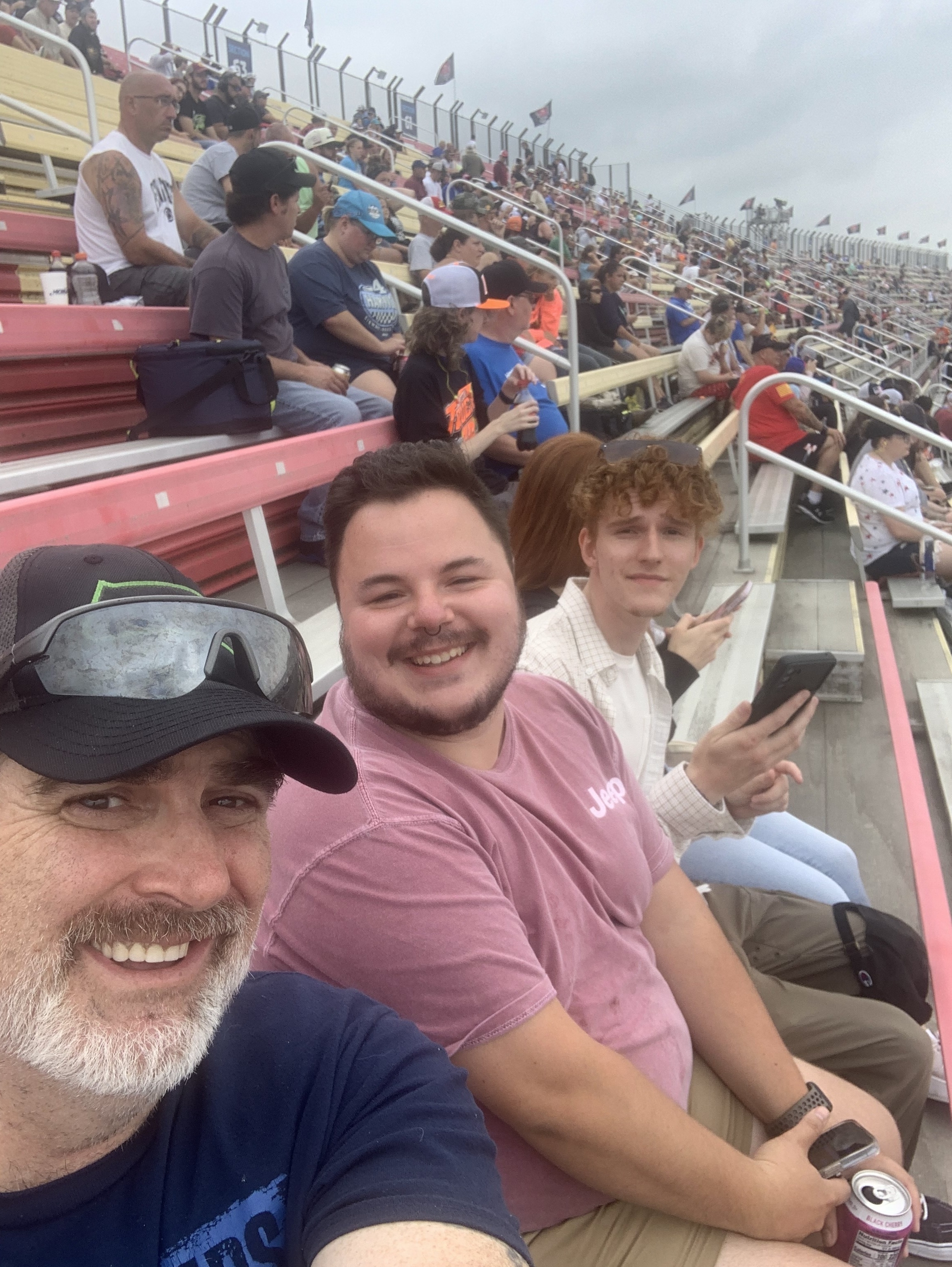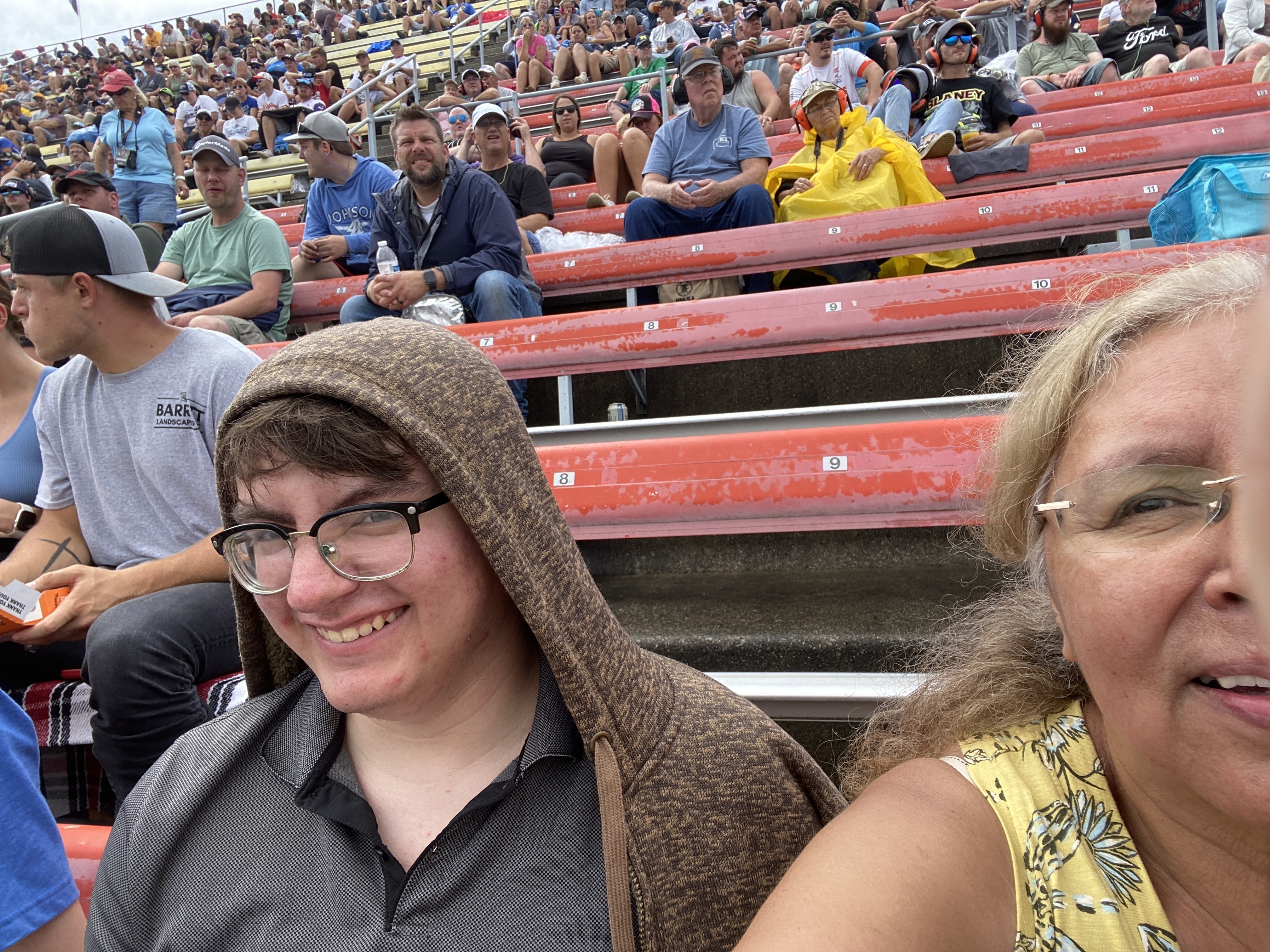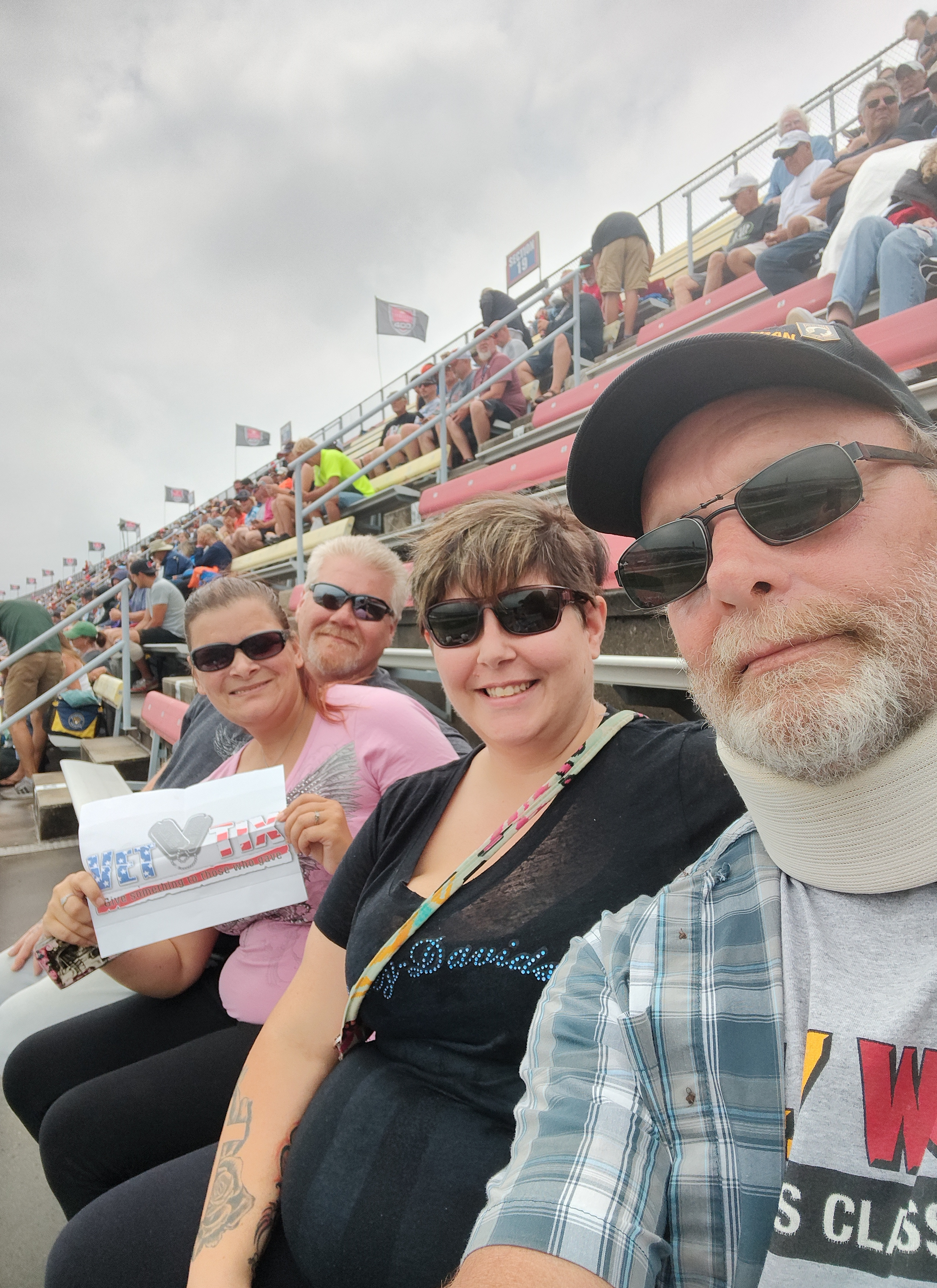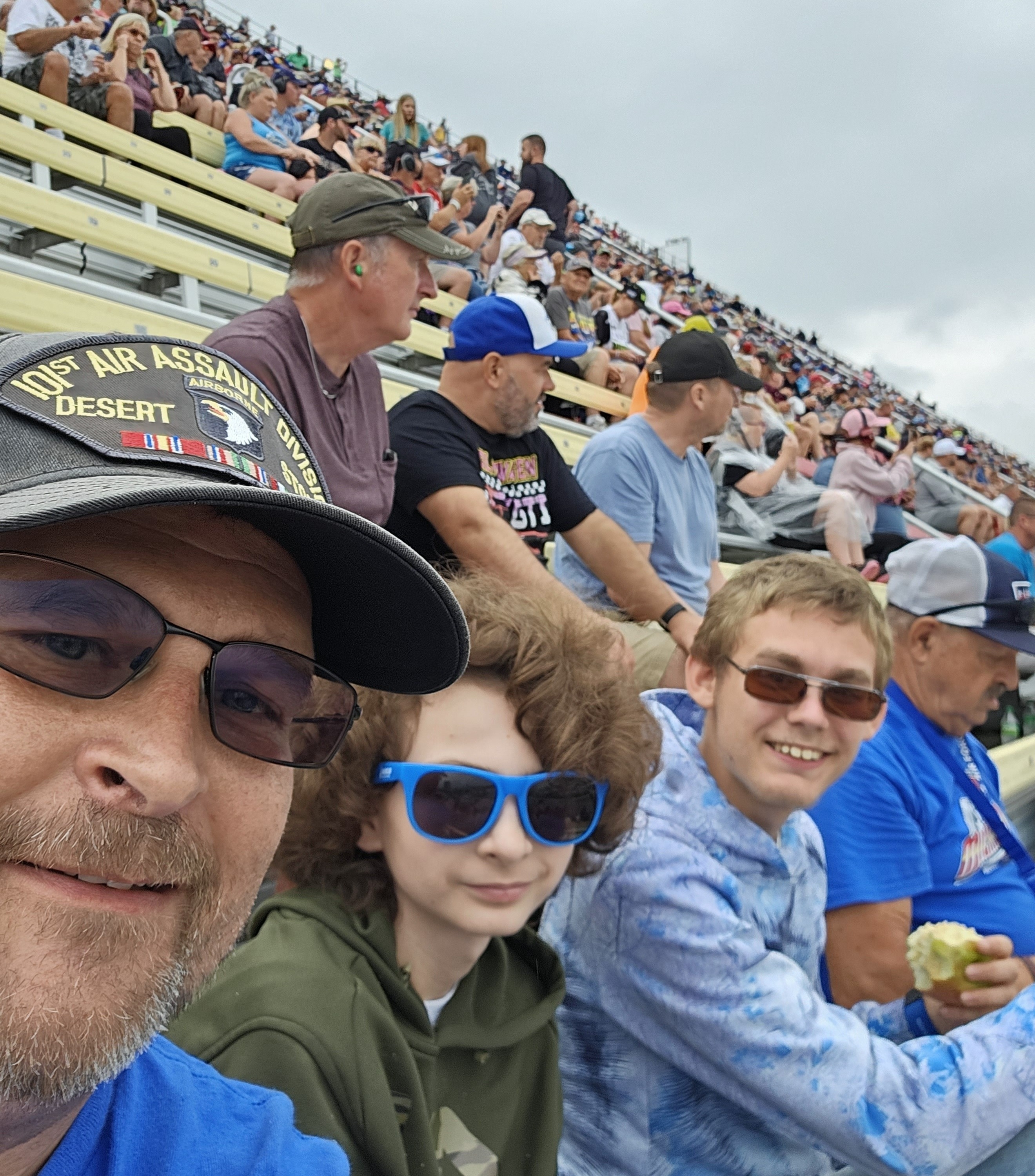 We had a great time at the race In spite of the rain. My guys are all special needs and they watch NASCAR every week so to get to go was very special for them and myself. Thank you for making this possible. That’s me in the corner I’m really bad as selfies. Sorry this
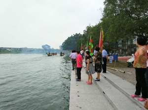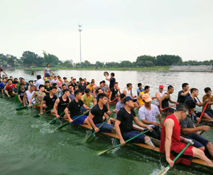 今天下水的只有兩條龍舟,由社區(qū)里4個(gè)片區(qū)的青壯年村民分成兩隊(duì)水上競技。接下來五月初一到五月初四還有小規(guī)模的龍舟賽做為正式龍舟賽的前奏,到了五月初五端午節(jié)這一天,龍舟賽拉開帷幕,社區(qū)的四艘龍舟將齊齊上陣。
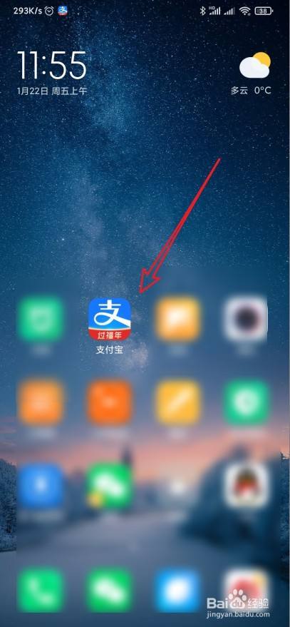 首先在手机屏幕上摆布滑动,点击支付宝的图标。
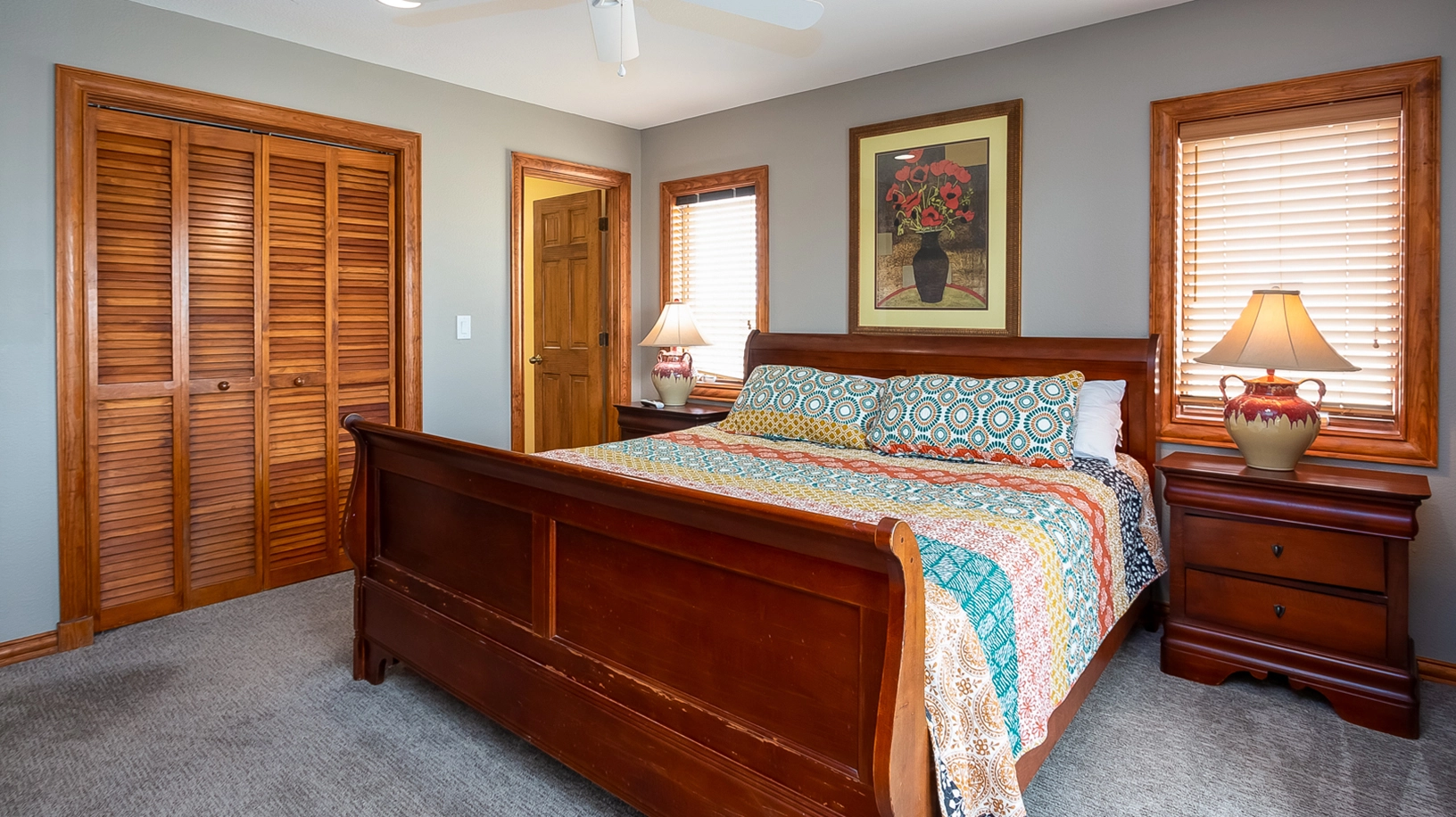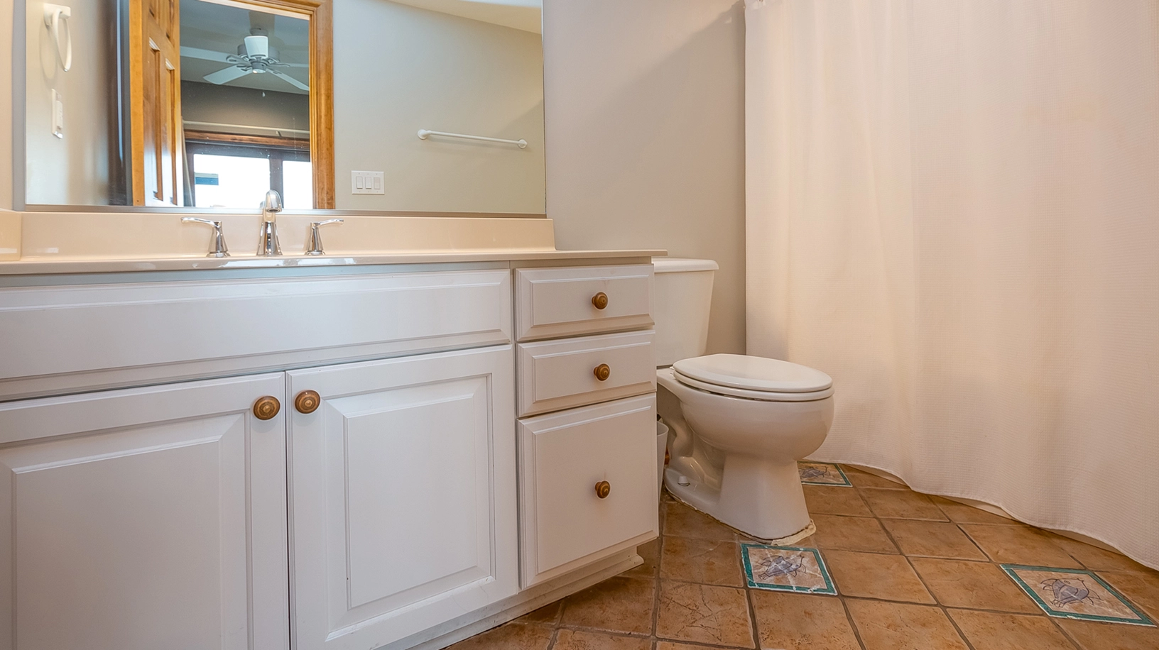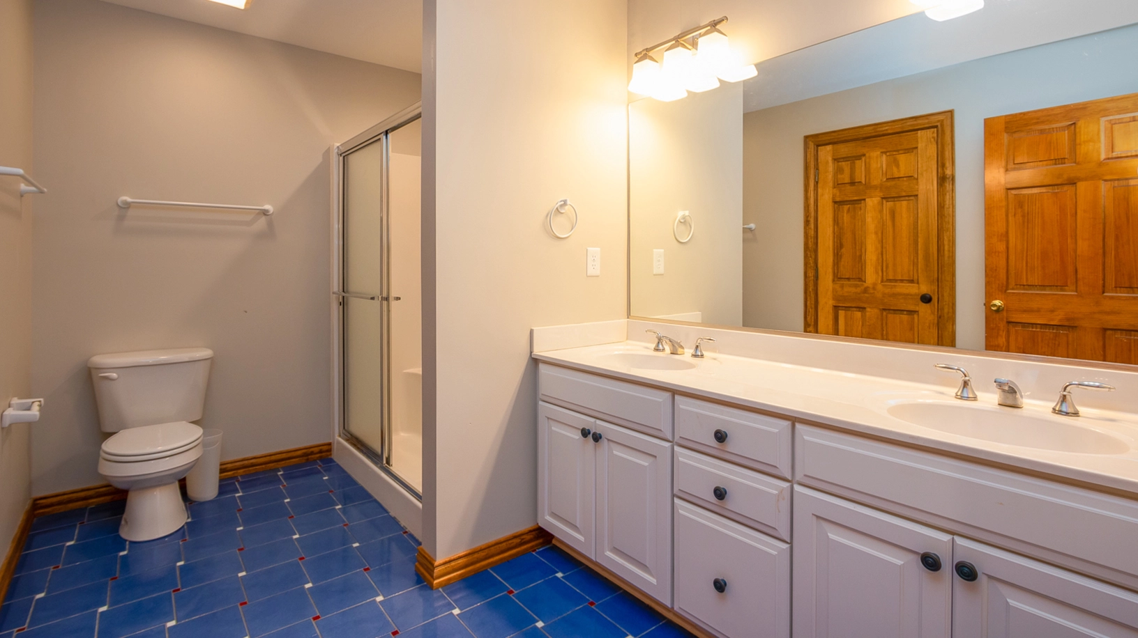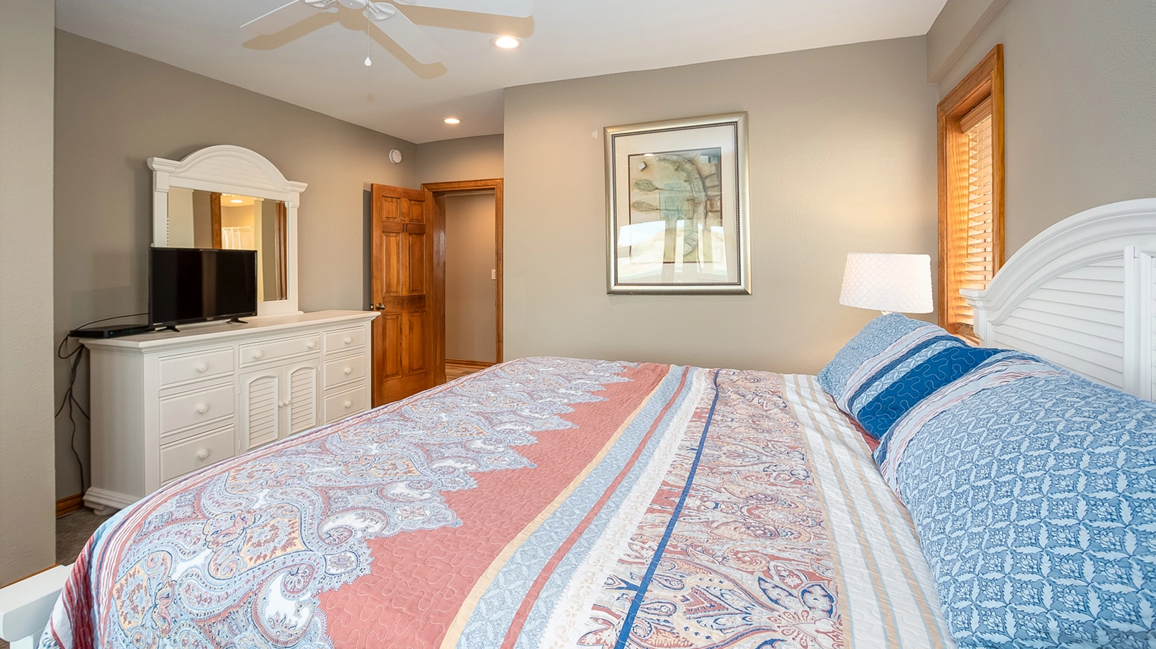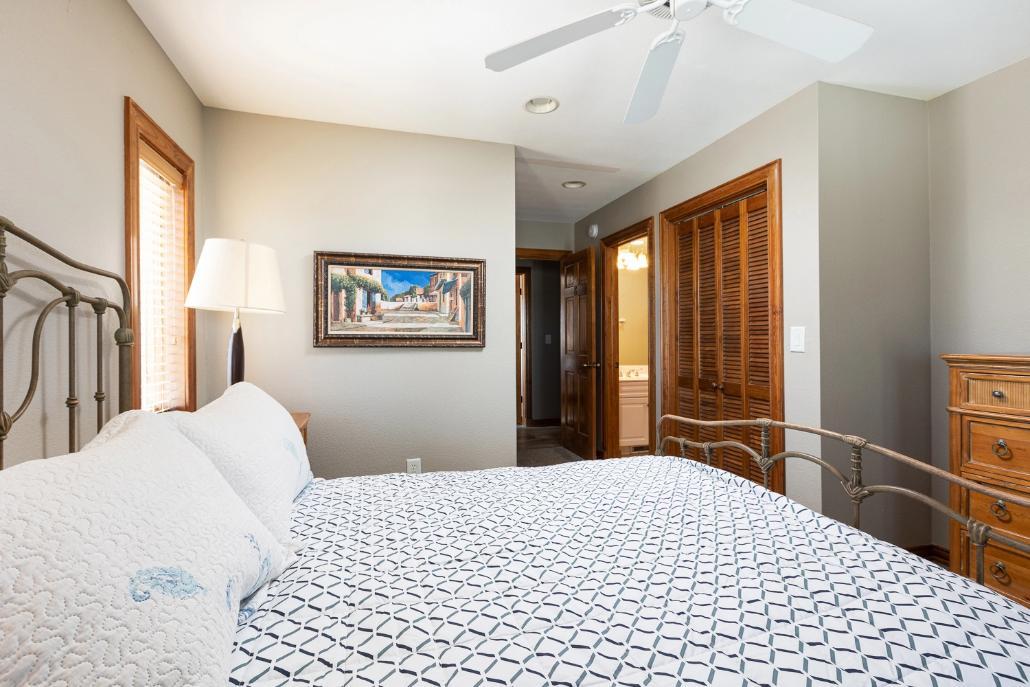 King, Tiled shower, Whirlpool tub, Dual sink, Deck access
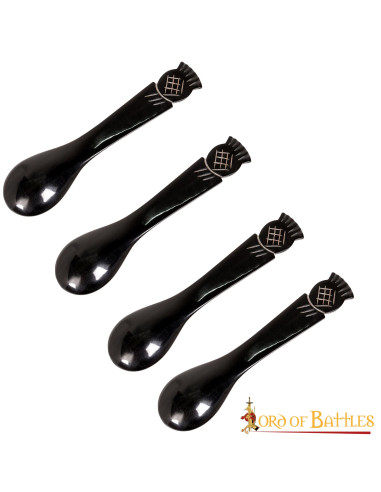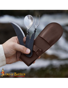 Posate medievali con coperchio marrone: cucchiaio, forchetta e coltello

-------

PROBLEM TO SOLVE:
Starting at the line that contains "今天下水的只有兩條龍舟,由社", write out every line through the end of the entries above exactly, and omit the pictures.

RESULT OF THE TASK:
 今天下水的只有兩條龍舟,由社區(qū)里4個(gè)片區(qū)的青壯年村民分成兩隊(duì)水上競技。接下來五月初一到五月初四還有小規(guī)模的龍舟賽做為正式龍舟賽的前奏,到了五月初五端午節(jié)這一天,龍舟賽拉開帷幕,社區(qū)的四艘龍舟將齊齊上陣。
 首先在手机屏幕上摆布滑动,点击支付宝的图标。
 King, Tiled shower, Whirlpool tub, Dual sink, Deck access
 Posate medievali con coperchio marrone: cucchiaio, forchetta e coltello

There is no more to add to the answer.